The output should be identical to the entries that follow.

════════

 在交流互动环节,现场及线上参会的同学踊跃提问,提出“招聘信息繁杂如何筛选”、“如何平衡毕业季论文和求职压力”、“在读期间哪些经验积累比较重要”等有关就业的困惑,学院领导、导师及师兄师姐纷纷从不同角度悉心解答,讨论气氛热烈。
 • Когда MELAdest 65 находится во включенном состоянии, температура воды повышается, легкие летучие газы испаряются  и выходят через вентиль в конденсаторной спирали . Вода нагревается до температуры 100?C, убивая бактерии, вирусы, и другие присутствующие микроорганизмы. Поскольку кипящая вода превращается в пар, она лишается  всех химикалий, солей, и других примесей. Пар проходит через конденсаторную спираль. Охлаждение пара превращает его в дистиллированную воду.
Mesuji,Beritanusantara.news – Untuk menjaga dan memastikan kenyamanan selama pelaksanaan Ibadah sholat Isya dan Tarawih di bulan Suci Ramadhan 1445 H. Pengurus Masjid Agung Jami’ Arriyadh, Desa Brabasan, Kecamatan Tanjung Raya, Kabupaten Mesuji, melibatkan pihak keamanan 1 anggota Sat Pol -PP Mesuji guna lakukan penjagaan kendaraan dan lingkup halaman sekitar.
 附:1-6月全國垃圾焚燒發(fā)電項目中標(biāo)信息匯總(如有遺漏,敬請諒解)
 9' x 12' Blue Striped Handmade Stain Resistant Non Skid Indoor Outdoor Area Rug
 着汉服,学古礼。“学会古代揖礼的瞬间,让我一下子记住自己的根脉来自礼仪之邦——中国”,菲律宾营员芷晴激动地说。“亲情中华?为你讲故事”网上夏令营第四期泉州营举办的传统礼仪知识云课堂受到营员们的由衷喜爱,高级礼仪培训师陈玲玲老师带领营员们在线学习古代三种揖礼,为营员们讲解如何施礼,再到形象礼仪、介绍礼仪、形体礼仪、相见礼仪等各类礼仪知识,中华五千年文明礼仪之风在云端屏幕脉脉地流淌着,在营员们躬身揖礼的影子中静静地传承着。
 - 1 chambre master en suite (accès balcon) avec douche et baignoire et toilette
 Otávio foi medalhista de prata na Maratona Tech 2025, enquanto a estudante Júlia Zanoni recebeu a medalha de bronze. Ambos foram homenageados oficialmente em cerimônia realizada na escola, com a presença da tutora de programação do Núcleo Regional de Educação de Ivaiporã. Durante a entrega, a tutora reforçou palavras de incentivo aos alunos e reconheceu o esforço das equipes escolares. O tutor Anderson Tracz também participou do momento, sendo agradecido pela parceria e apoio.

════════

## [PROBLEM SOLUTION]
 在交流互动环节,现场及线上参会的同学踊跃提问,提出“招聘信息繁杂如何筛选”、“如何平衡毕业季论文和求职压力”、“在读期间哪些经验积累比较重要”等有关就业的困惑,学院领导、导师及师兄师姐纷纷从不同角度悉心解答,讨论气氛热烈。
 • Когда MELAdest 65 находится во включенном состоянии, температура воды повышается, легкие летучие газы испаряются  и выходят через вентиль в конденсаторной спирали . Вода нагревается до температуры 100?C, убивая бактерии, вирусы, и другие присутствующие микроорганизмы. Поскольку кипящая вода превращается в пар, она лишается  всех химикалий, солей, и других примесей. Пар проходит через конденсаторную спираль. Охлаждение пара превращает его в дистиллированную воду.
Mesuji,Beritanusantara.news – Untuk menjaga dan memastikan kenyamanan selama pelaksanaan Ibadah sholat Isya dan Tarawih di bulan Suci Ramadhan 1445 H. Pengurus Masjid Agung Jami’ Arriyadh, Desa Brabasan, Kecamatan Tanjung Raya, Kabupaten Mesuji, melibatkan pihak keamanan 1 anggota Sat Pol -PP Mesuji guna lakukan penjagaan kendaraan dan lingkup halaman sekitar.
 附:1-6月全國垃圾焚燒發(fā)電項目中標(biāo)信息匯總(如有遺漏,敬請諒解)
 9' x 12' Blue Striped Handmade Stain Resistant Non Skid Indoor Outdoor Area Rug
 着汉服,学古礼。“学会古代揖礼的瞬间,让我一下子记住自己的根脉来自礼仪之邦——中国”,菲律宾营员芷晴激动地说。“亲情中华?为你讲故事”网上夏令营第四期泉州营举办的传统礼仪知识云课堂受到营员们的由衷喜爱,高级礼仪培训师陈玲玲老师带领营员们在线学习古代三种揖礼,为营员们讲解如何施礼,再到形象礼仪、介绍礼仪、形体礼仪、相见礼仪等各类礼仪知识,中华五千年文明礼仪之风在云端屏幕脉脉地流淌着,在营员们躬身揖礼的影子中静静地传承着。
 - 1 chambre master en suite (accès balcon) avec douche et baignoire et toilette
 Otávio foi medalhista de prata na Maratona Tech 2025, enquanto a estudante Júlia Zanoni recebeu a medalha de bronze. Ambos foram homenageados oficialmente em cerimônia realizada na escola, com a presença da tutora de programação do Núcleo Regional de Educação de Ivaiporã. Durante a entrega, a tutora reforçou palavras de incentivo aos alunos e reconheceu o esforço das equipes escolares. O tutor Anderson Tracz também participou do momento, sendo agradecido pela parceria e apoio.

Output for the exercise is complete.